What the exercise asks: Line by line, transcribe the data below exactly and pass over the images.

Dataset:
╔══

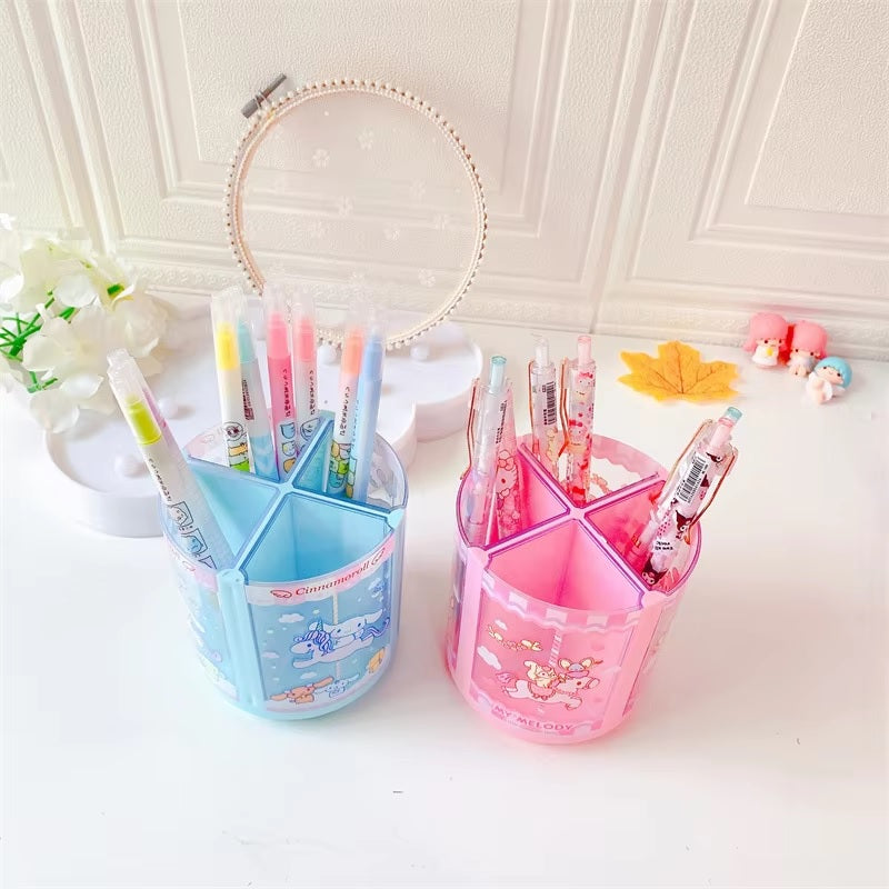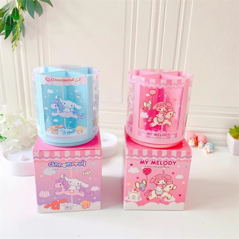 Turn your workspace into a cheerful haven with the Sanrio Carousel Rotating Pen Holder. Order now and enjoy the perfect blend of fun and function!
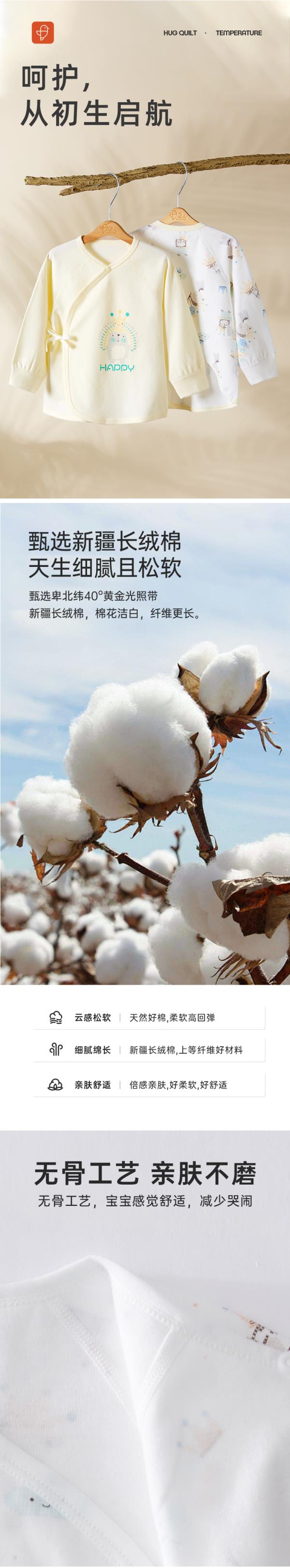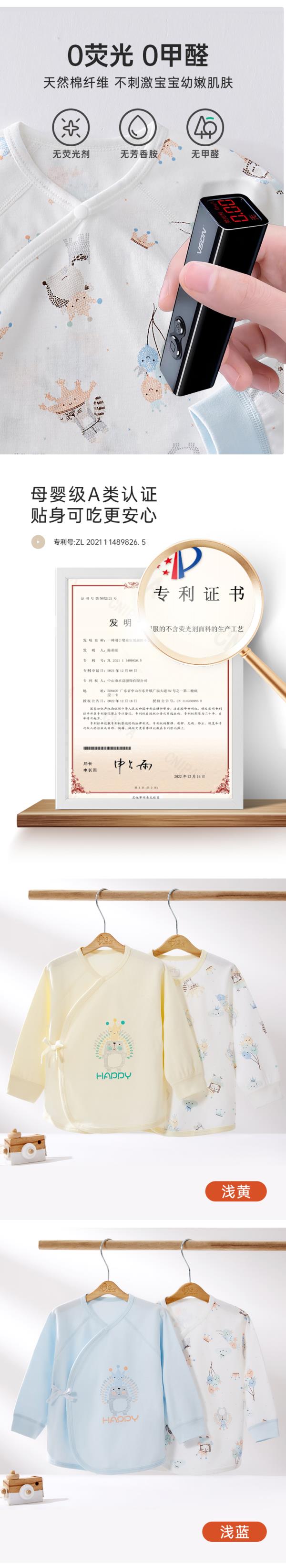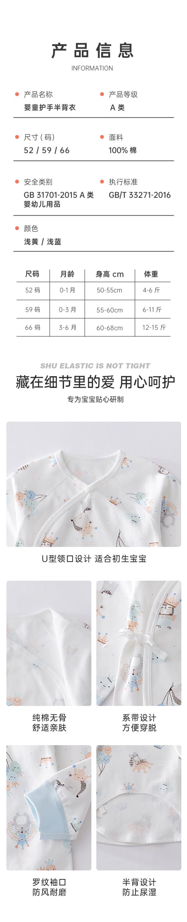 [5A抗菌全棉半背衣]卓儿新生儿纯棉半背衣婴幼儿男女宝宝柔软舒适防湿衫
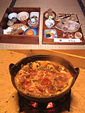 上が箱膳、下が天然のいのししを使ったいのしし鍋。 |
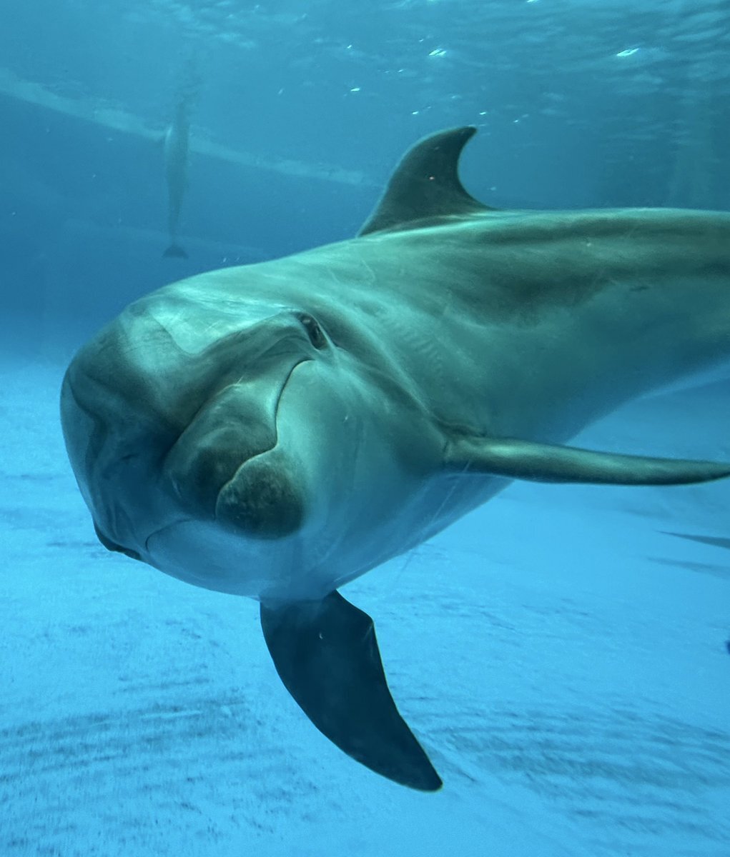 レイちゃん🩷   可愛かった〜 イルカ達の名前と識別を トレーナーさんに聞いてお勉強中📝 #大洗水族館 #バンドウイルカ pic.x.com/i1bGIqfBkm
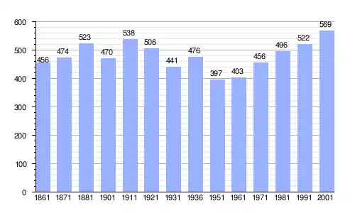 Gráfica de evolución demográfica de Tovo di Sant'Agata entre 1861 y 2001 |

╚══

Task answer:
 Turn your workspace into a cheerful haven with the Sanrio Carousel Rotating Pen Holder. Order now and enjoy the perfect blend of fun and function!
 [5A抗菌全棉半背衣]卓儿新生儿纯棉半背衣婴幼儿男女宝宝柔软舒适防湿衫
 上が箱膳、下が天然のいのししを使ったいのしし鍋。 |
 レイちゃん🩷   可愛かった〜 イルカ達の名前と識別を トレーナーさんに聞いてお勉強中📝 #大洗水族館 #バンドウイルカ pic.x.com/i1bGIqfBkm
 Gráfica de evolución demográfica de Tovo di Sant'Agata entre 1861 y 2001 |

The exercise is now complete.